J Contin Educ Health Prof. 2025 Apr 1;45(2):89-100. doi: 10.1097/CEH.0000000000000572. Epub 2024 Aug 14.
Since its inception in 2003, the Project Extension for Community Healthcare Outcomes (ECHO) tele-education model has reached and improved outcomes for patients, providers, and health centers through interventions in >180 countries. Utilization of this model has recently increased due to the COVID-19 pandemic and a higher demand for remote education.
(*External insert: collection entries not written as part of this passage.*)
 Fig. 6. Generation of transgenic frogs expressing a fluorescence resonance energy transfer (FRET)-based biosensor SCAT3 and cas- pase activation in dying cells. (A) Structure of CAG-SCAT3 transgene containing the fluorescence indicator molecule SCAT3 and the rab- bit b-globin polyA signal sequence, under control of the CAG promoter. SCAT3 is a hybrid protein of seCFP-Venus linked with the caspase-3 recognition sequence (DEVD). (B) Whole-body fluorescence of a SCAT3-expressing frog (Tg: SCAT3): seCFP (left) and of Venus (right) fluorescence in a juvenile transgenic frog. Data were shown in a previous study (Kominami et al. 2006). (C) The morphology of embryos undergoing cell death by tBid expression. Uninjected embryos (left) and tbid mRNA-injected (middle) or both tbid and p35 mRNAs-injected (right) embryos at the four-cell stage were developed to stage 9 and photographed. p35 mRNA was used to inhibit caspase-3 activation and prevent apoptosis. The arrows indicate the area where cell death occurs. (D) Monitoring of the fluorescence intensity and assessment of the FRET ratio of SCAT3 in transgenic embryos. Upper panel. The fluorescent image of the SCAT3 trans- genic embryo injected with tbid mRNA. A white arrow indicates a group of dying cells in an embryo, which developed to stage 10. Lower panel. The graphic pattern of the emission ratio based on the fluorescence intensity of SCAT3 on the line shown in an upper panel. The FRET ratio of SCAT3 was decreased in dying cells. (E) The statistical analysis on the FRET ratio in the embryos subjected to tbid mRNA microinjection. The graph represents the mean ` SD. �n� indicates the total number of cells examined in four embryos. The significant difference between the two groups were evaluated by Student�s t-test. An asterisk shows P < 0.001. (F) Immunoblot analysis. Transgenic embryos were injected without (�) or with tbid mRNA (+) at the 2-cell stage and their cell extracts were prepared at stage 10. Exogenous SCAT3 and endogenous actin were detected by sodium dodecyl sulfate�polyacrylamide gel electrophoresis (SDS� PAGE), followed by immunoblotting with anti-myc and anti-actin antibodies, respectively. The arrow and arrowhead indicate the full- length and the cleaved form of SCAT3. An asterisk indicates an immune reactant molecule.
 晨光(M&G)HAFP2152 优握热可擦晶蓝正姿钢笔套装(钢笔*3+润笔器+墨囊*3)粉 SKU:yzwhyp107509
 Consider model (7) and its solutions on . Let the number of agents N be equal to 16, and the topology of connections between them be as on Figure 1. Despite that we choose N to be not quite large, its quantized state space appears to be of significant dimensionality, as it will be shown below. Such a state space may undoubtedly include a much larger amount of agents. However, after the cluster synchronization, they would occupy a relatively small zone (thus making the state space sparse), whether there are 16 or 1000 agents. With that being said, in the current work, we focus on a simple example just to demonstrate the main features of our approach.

However, limited research has examined the methodologies used to evaluate Project ECHO interventions.
We conducted a scoping review to determine the extent and types of research methods used to evaluate outcomes and implementation success of Project ECHO interventions and to identify gaps and opportunities for future investigation. Using Arksey and O'Malley's scoping review framework and the PRISMA-ScR checklist, we reviewed study designs, temporality, analysis methods, data sources, and levels and types of data in 121 articles evaluating Project ECHO interventions.
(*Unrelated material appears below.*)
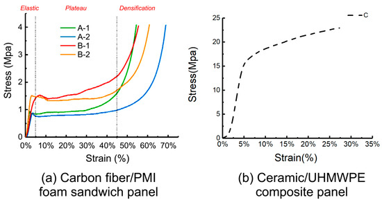 To compare the responses of the carbon fiber/PMI foam sandwich panel and ceramic/UHMWPE composite panel under quasi-static loading, the material was tested using an INSTRON 5982 universal mechanical testing machine (Instron Corporation Norwood, MA, USA) following the standard ISO 844 [35]. The stress–strain curve of the specimen was obtained at room temperature at a compression rate of 1.25 mm/s.
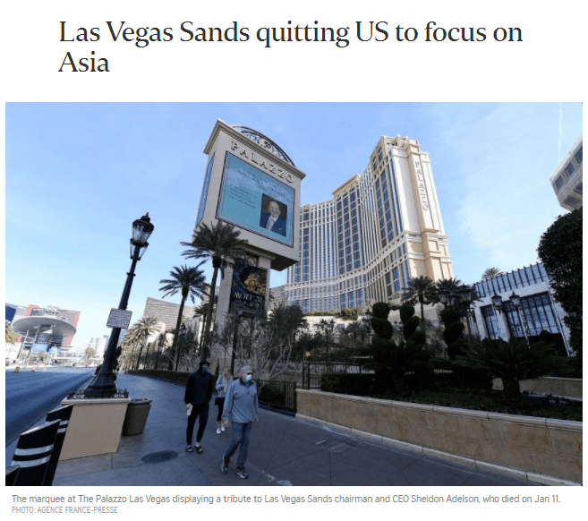 很明显金沙集团要逐步放弃美国市场,而将精力更多地集中在业务快速增长的亚洲市场,其中包括新加坡,以及全球最大的博彩业中心--澳门。

Most interventions addressed substance use disorders (24.8%, n = 30), infectious diseases (24%, n = 29), psychiatric and behavioral health conditions (21.5%, n = 26), and chronic diseases (19%, n = 23). The most frequently reported evaluation methods included cohort studies (86.8%, n = 105), longitudinal designs (74.4%, n = 90), mixed methods analysis (52.1%, n = 63), surveys (61.2%, n = 74), process evaluation measures (98.3%, n = 119), and provider-level outcome measures (84.3%, n = 102). Few evaluations used experimental designs (1.7%, n = 2), randomization (5.8%, n = 7), or comparison groups (14%, n = 17), indicating limited rigor.
This scoping review demonstrates the need for more rigorous evaluation methods to test the effectiveness of the Project ECHO model at improving outcomes and standardized reporting guidelines to enhance the dissemination of evaluation data from future Project ECHO interventions.
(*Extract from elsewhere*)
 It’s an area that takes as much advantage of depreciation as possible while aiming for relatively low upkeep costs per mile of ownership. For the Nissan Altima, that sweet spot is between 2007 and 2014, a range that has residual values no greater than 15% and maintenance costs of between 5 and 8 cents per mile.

自2003年创立以来,社区医疗成果推广项目(ECHO)远程教学模式已通过在180多个国家开展干预措施,惠及患者、医疗服务提供者和健康中心,并改善了相关成果。由于2019冠状病毒病大流行以及对远程教育的更高需求,该模式的应用最近有所增加。然而,对用于评估ECHO项目干预措施的方法的研究有限。
我们进行了一项范围综述,以确定用于评估ECHO项目干预措施的结果和实施成功情况的研究方法的范围和类型,并确定未来调查的差距和机会。我们使用阿克斯和奥马利的范围综述框架以及PRISMA-ScR清单,对121篇评估ECHO项目干预措施的文章中的研究设计、时间性、分析方法、数据源以及数据的水平和类型进行了综述。
大多数干预措施涉及物质使用障碍(24.8%,n = 30)、传染病(24%,n = 29)、精神和行为健康状况(21.5%,n = 26)以及慢性病(19%,n = 23)。最常报告的评估方法包括队列研究(86.8%,n = 105)、纵向设计(74.4%,n = 90)、混合方法分析(52.1%,n = 63)、调查(61.2%,n = 74)、过程评估措施(98.3%,n = 119)以及医疗服务提供者层面的结果指标(84.3%,n = 102)。很少有评估使用实验设计(1.7%,n = 2)、随机化(5.8%,n = 7)或对照组(14%,n = 17),这表明严谨性有限。
这项范围综述表明,需要更严谨的评估方法来测试ECHO项目模式在改善结果方面的有效性,以及需要标准化的报告指南来加强未来ECHO项目干预措施评估数据的传播。